Work to be completed:
Below this sentence is a listing; return exactly its lines from the one with "На медальоне закреплена" to the one with "Опции надстройки предоставляют", both kept, and nothing more.

Data:
[Start of section]

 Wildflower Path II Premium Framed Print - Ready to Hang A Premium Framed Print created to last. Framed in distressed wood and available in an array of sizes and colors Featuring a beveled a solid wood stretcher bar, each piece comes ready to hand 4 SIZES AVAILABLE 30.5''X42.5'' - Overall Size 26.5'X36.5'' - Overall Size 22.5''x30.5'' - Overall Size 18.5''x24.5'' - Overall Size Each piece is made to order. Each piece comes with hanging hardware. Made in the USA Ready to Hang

[End of section]
[Start of section]

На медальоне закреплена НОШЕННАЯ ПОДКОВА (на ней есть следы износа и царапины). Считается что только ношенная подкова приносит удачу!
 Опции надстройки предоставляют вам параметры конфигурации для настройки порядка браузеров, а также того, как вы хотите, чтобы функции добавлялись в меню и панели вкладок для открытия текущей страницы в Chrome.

[End of section]

Output for this task:
На медальоне закреплена НОШЕННАЯ ПОДКОВА (на ней есть следы износа и царапины). Считается что только ношенная подкова приносит удачу!
 Опции надстройки предоставляют вам параметры конфигурации для настройки порядка браузеров, а также того, как вы хотите, чтобы функции добавлялись в меню и панели вкладок для открытия текущей страницы в Chrome.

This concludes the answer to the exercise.